◆ **RECORDS SUPPLIED**:
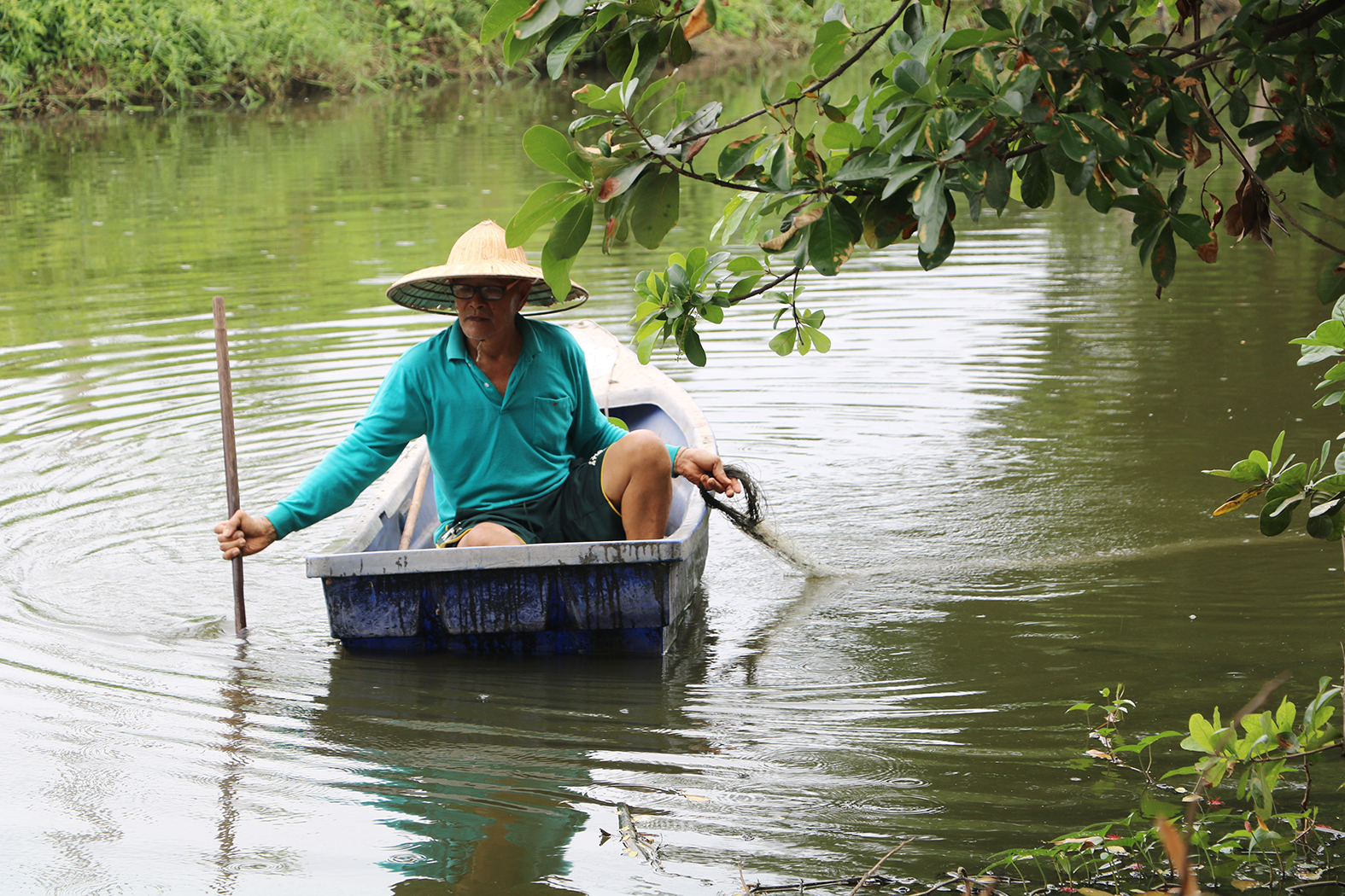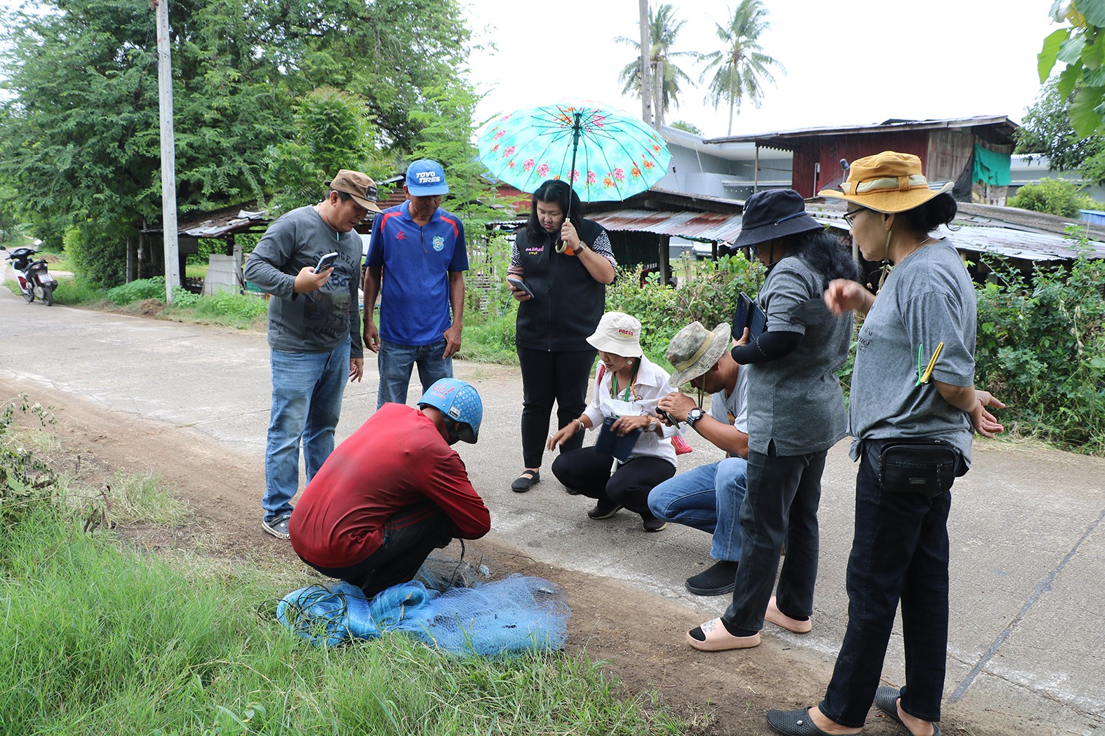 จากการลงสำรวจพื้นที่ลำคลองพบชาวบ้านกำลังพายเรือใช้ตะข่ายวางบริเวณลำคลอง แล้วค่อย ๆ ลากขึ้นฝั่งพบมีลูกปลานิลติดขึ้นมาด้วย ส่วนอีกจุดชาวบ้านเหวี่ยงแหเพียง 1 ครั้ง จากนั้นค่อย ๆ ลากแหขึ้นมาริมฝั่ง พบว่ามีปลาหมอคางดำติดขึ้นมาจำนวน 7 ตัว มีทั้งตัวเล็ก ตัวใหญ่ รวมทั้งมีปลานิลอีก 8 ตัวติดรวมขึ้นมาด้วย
==
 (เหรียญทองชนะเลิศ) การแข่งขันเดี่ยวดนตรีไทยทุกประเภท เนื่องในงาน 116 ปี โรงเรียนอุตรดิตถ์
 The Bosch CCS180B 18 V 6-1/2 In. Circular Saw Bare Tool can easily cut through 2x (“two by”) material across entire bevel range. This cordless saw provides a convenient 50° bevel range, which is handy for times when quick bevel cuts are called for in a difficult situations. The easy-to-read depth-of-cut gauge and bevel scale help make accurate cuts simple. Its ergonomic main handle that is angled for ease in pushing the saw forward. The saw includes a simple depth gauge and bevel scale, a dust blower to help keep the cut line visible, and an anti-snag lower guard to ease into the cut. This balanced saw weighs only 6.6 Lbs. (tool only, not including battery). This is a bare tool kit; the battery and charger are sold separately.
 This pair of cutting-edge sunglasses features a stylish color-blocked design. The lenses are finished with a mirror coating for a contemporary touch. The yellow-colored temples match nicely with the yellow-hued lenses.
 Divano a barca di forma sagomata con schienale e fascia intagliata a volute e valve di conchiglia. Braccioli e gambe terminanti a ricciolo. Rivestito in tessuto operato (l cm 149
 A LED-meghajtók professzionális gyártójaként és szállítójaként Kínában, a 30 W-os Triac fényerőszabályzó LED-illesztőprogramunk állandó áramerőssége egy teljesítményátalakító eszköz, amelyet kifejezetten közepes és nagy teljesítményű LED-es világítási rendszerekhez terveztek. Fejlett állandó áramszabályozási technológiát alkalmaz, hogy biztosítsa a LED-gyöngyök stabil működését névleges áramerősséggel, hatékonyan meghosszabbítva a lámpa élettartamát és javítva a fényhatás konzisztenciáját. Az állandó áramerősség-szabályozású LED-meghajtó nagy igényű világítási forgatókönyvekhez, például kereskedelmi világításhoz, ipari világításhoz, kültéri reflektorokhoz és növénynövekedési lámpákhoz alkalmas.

◆ **WHAT IS REQUIRED**:
A word-for-word copy of the lines above from the one with "(เหรียญทองชนะเลิศ) การแข่งขันเดี่ยวดนตรีไทยทุกประเภท เนื่องในงาน" through the one with "Divano a barca", inclusive, is the only output wanted.

◆ **EXPECTED OUTPUT**:
 (เหรียญทองชนะเลิศ) การแข่งขันเดี่ยวดนตรีไทยทุกประเภท เนื่องในงาน 116 ปี โรงเรียนอุตรดิตถ์
 The Bosch CCS180B 18 V 6-1/2 In. Circular Saw Bare Tool can easily cut through 2x (“two by”) material across entire bevel range. This cordless saw provides a convenient 50° bevel range, which is handy for times when quick bevel cuts are called for in a difficult situations. The easy-to-read depth-of-cut gauge and bevel scale help make accurate cuts simple. Its ergonomic main handle that is angled for ease in pushing the saw forward. The saw includes a simple depth gauge and bevel scale, a dust blower to help keep the cut line visible, and an anti-snag lower guard to ease into the cut. This balanced saw weighs only 6.6 Lbs. (tool only, not including battery). This is a bare tool kit; the battery and charger are sold separately.
 This pair of cutting-edge sunglasses features a stylish color-blocked design. The lenses are finished with a mirror coating for a contemporary touch. The yellow-colored temples match nicely with the yellow-hued lenses.
 Divano a barca di forma sagomata con schienale e fascia intagliata a volute e valve di conchiglia. Braccioli e gambe terminanti a ricciolo. Rivestito in tessuto operato (l cm 149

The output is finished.